Il padre Giovanni era un valoroso combattente nelle lotte contro i Turchi. Sconfitto dal sultano Murat II, fu costretto a consegnarli in ostaggio i suoi quattro figli maschi. Secondo il Barlezio (
Historia de Vita et Gestis Scanderbegi, Epirotarum principis
), Giorgio aveva allora solo nove anni. Dai turchi gli fu imposto il nome di Skanderberg (
Iskander
= Alessandro e
bey
= signore). Il sultano gli impartì una solida educazione al fine di destinarlo ad un posto di comando e il giovane si distinse per coraggio e intelligenza nell'arte bellica. Divenne così una delle più potenti spade dell'Islam.
Presto la fama del giovane giunse in Albania, dove vigeva un regime tirannico e dove la miseria regnava sovrana. Raggiunto da alcuni emissari della famiglia, Giorgio venne a conoscenza delle condizioni drammatiche in cui versava il suo paese, nonché della morte del padre, e decise di tornare in patria.
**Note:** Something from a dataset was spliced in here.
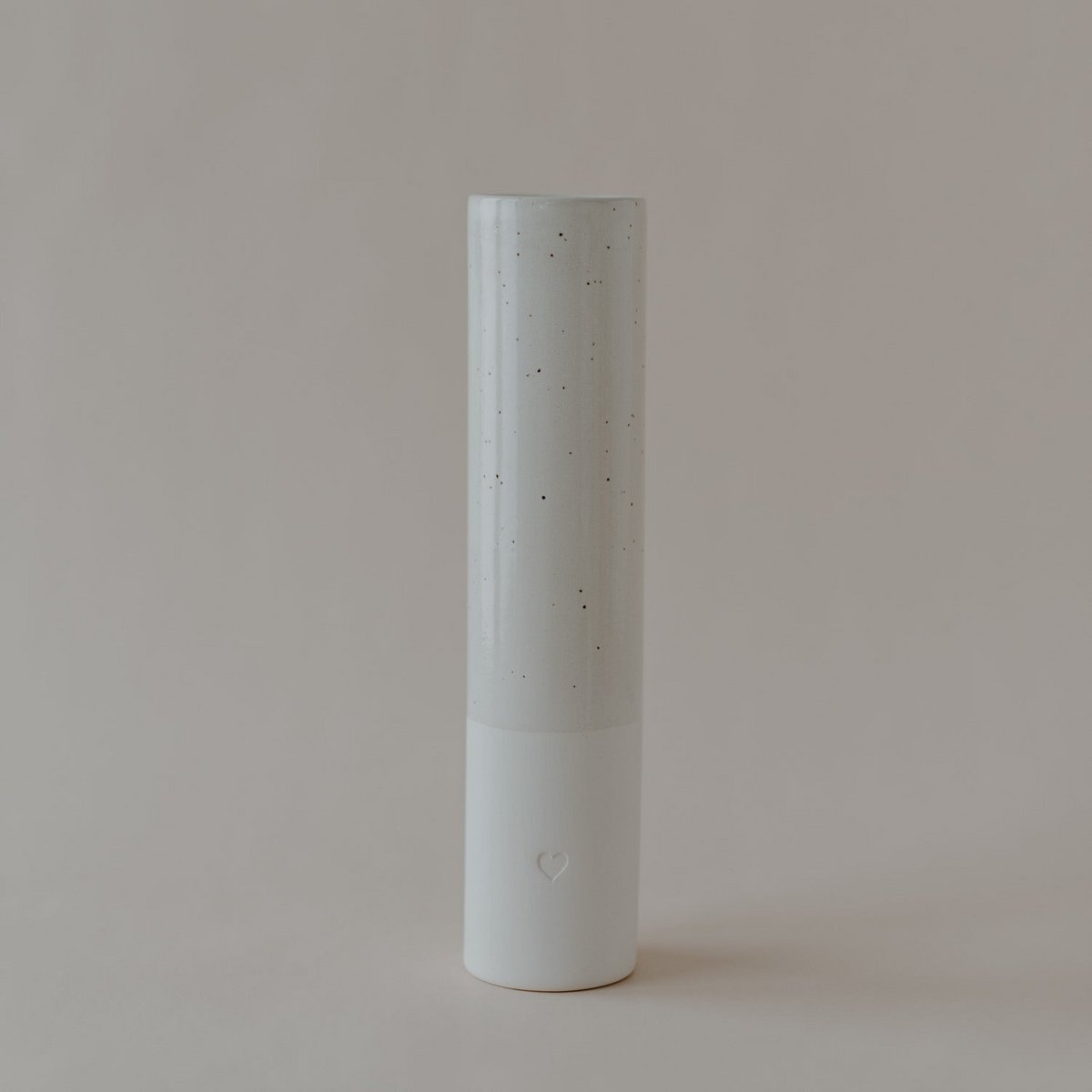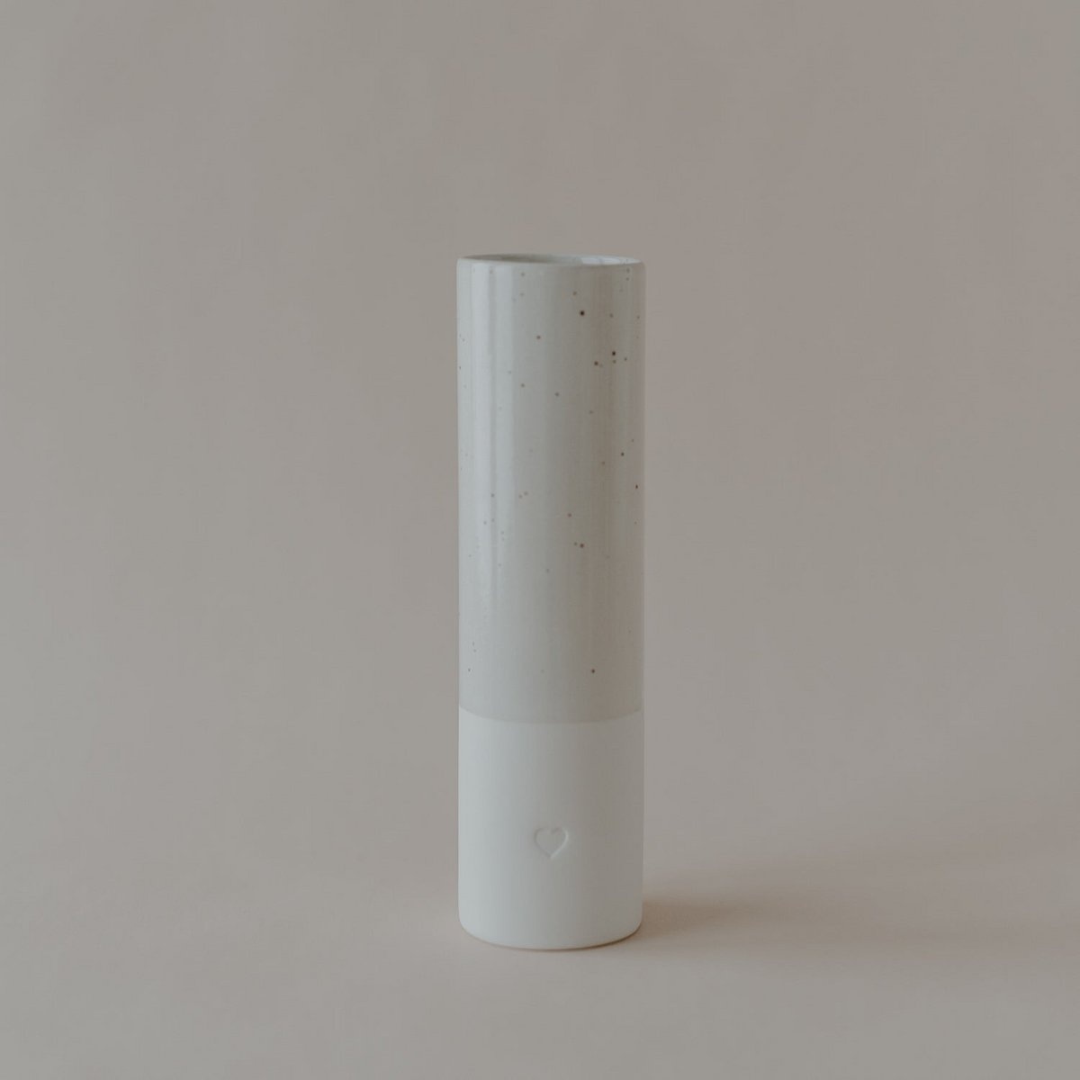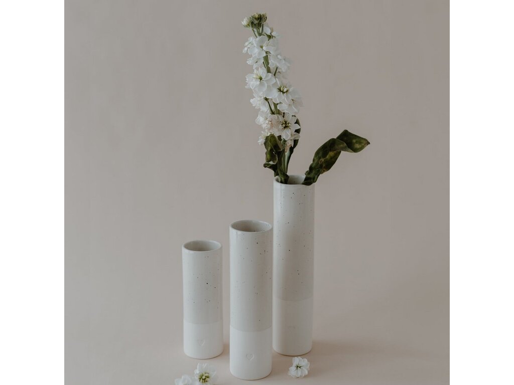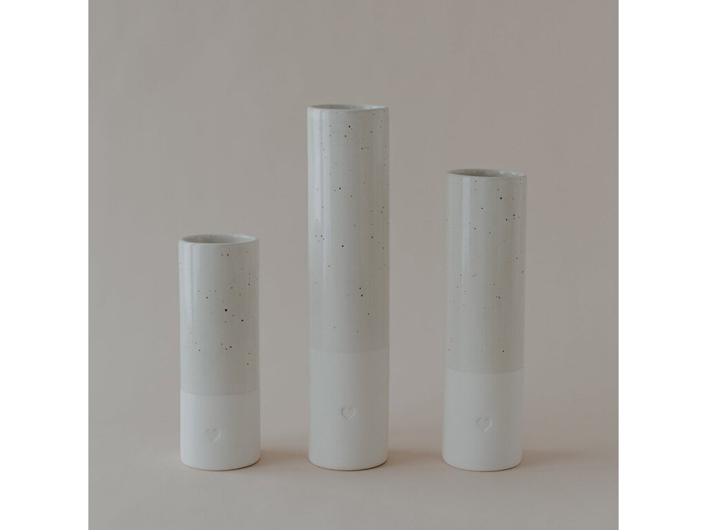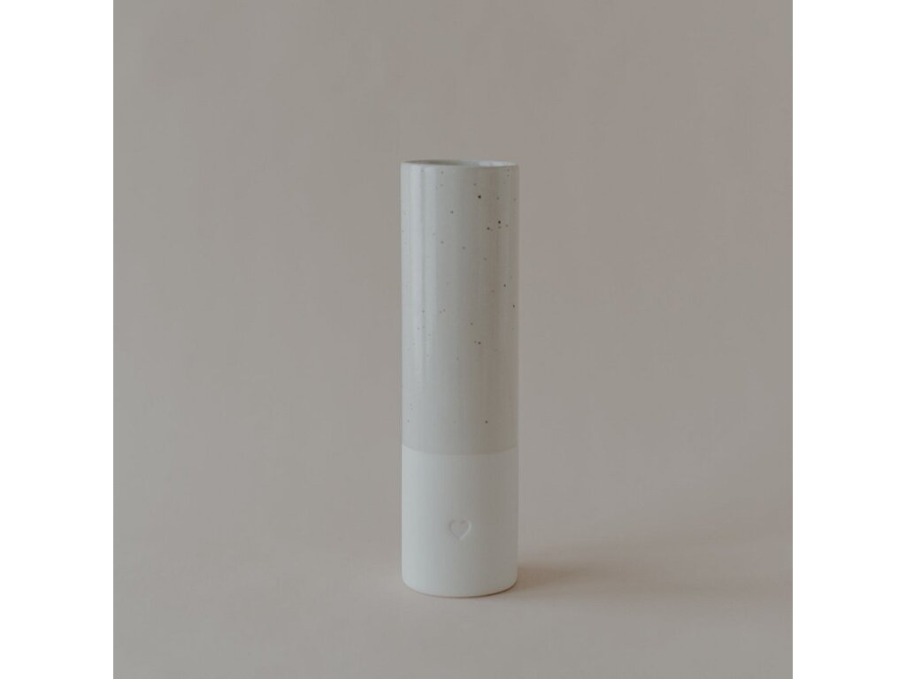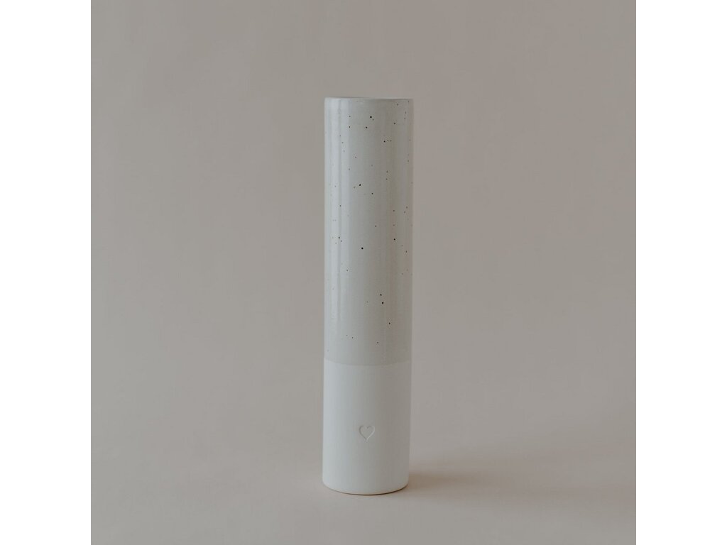 De cilindrische vorm in combinatie met het subtiele hart in blind reliëf zorgt voor een verfijnd en bijzonder design. Elke vaas is met de hand gemaakt, wat elk stuk een eigen karakter geeft. Perfect om je favoriete bloemen extra tot hun recht te laten komen, of om cadeau te geven aan iemand die je lief is.

Nel 1443, approfittando del disordine venutosi a creare con la sconfitta subita da Murat II a Nissa, radunò un piccolo esercito di soldati e partì. Con il suo arrivo, comincia per l'Albania un periodo eroico: Kruja, capitale del suo feudo, divenne il caposaldo delle prime organizzazioni indipendentiste. E' da qui che Giorgio diede inizio al processo di unificazione delle forze albanesi contro i Turchi. Riuscì a comporre un esercito di oltre diecimila uomini e nel 1450 sconfisse l'esercito ottomano, guidato da Maometto II. Rifiutò la pace offertagli e la "piccola" Albania rimase l'unico paese cristiano in armi contro i musulmani. Alla sua morte, l'eroica cittadella di Kruja cadde in mano ottomana ed ebbe inizio l'esodo verso l'Italia meridionale.